Exact copy, no pictures: return all the records as they stand.

#### Records supplied ####

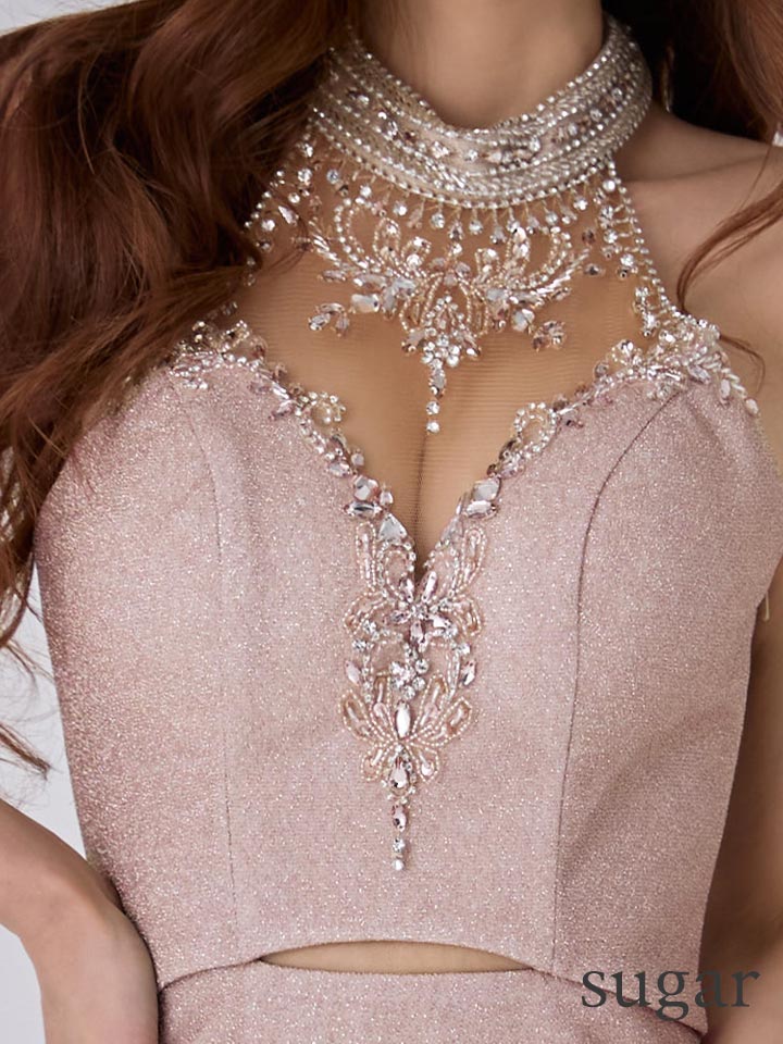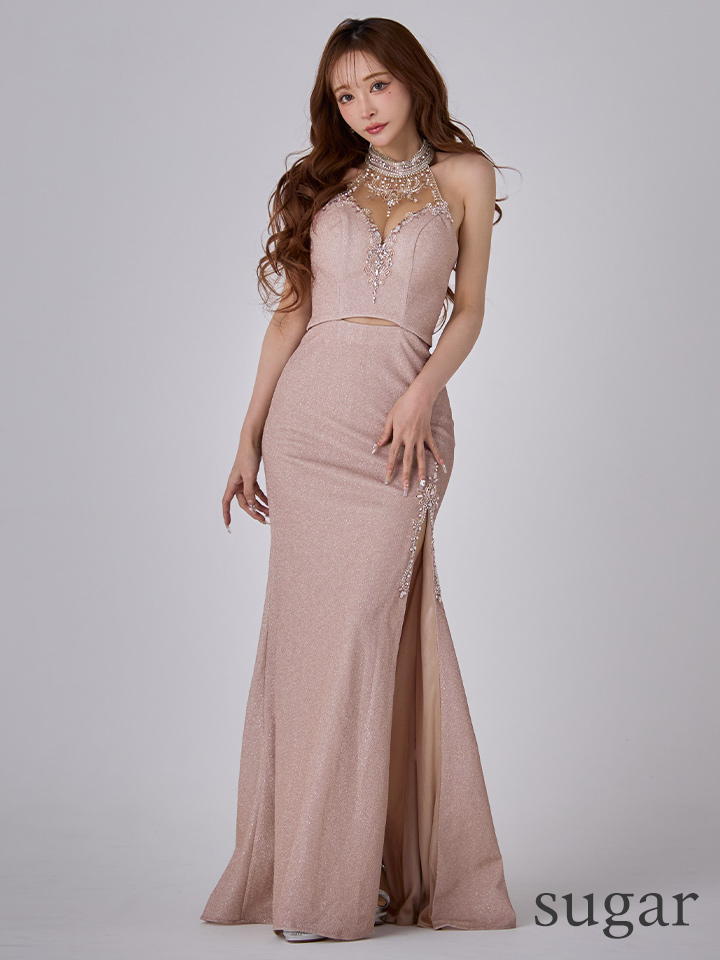 ラメニットに贅沢に散りばめられたビジューが煌めく、ラグジュアリーな雰囲気のロングドレス♡
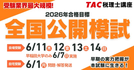 ※TACで2026年合格目標「ベーシック」「速修」「上級」「チャレンジ(4-7月期)」の各コースおよび「直前対策講座」を 受講中の方は全国公開模試がカリキュラムに含まれているため、有料申込の必要はございません。
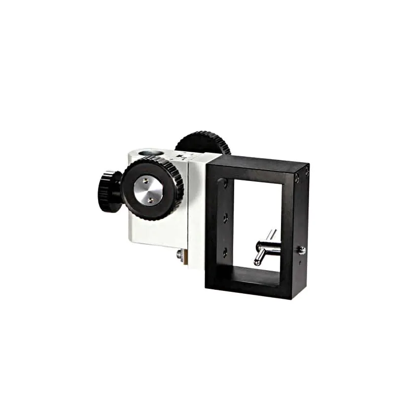 Meiji's FD Focus Block includes an open D-frame digital camera mount, secured by a standard size 1/4"-20 bolt. Dual coarse focus knobs operate machined rack and pinion gearing for smooth focusing movement. The dual focus knobs offer tension adjustment and a built-in slip clutch prevents damage to the mechanism. Fits 20mm diameter mounting pole.
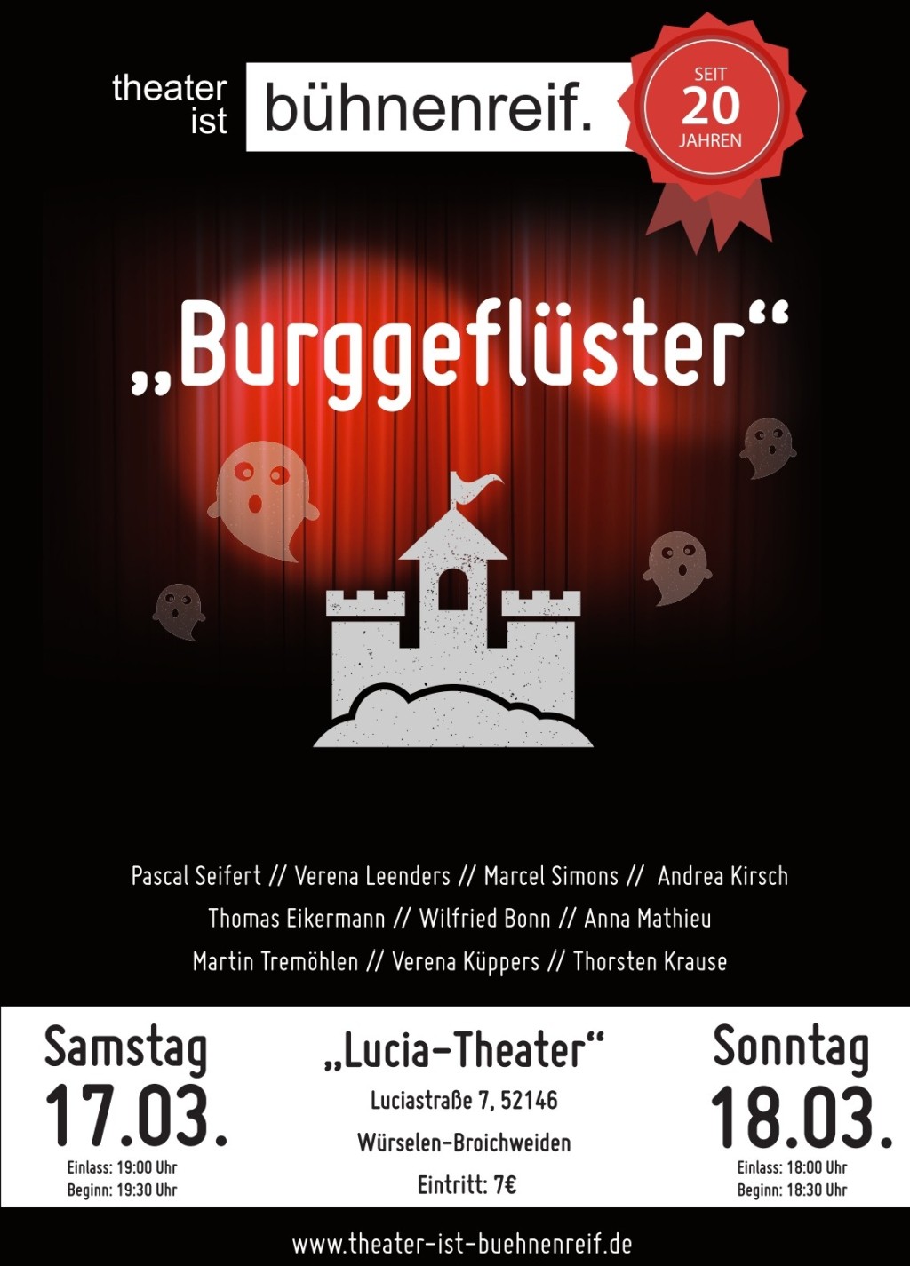 Burggeflüster – Aufführung im März 2018 im „Lucia-Theater“ in Würselen, Broichweiden.
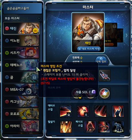 먼저 기본적으로 주어지는 마스터 이외에는 마스터를 영입해야 한다. 마스터 영입조건을 달성하면, 원하는 마스터를 획득 할 수 있다. 우선 개인의 플레이 스타일에 맞추어 원하는 마스터를 획득해 보자.
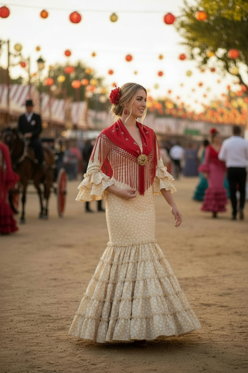 Etiquetas: barato beige canastero feria flamenca gitana lunares outlet rocio traje
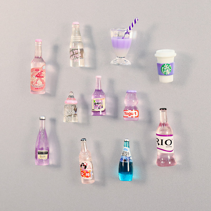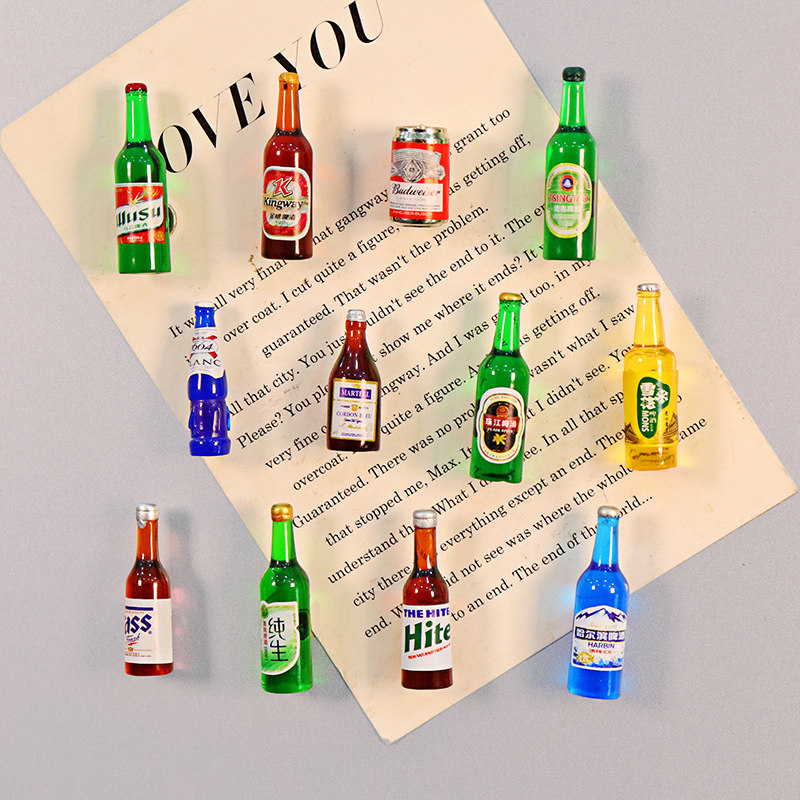 创意立体迷你可爱冰箱贴微缩食玩小饮料啤酒瓶磁贴磁吸装 饰吸铁石

####

Task result:
 ラメニットに贅沢に散りばめられたビジューが煌めく、ラグジュアリーな雰囲気のロングドレス♡
 ※TACで2026年合格目標「ベーシック」「速修」「上級」「チャレンジ(4-7月期)」の各コースおよび「直前対策講座」を 受講中の方は全国公開模試がカリキュラムに含まれているため、有料申込の必要はございません。
 Meiji's FD Focus Block includes an open D-frame digital camera mount, secured by a standard size 1/4"-20 bolt. Dual coarse focus knobs operate machined rack and pinion gearing for smooth focusing movement. The dual focus knobs offer tension adjustment and a built-in slip clutch prevents damage to the mechanism. Fits 20mm diameter mounting pole.
 Burggeflüster – Aufführung im März 2018 im „Lucia-Theater“ in Würselen, Broichweiden.
 먼저 기본적으로 주어지는 마스터 이외에는 마스터를 영입해야 한다. 마스터 영입조건을 달성하면, 원하는 마스터를 획득 할 수 있다. 우선 개인의 플레이 스타일에 맞추어 원하는 마스터를 획득해 보자.
 Etiquetas: barato beige canastero feria flamenca gitana lunares outlet rocio traje
 创意立体迷你可爱冰箱贴微缩食玩小饮料啤酒瓶磁贴磁吸装 饰吸铁石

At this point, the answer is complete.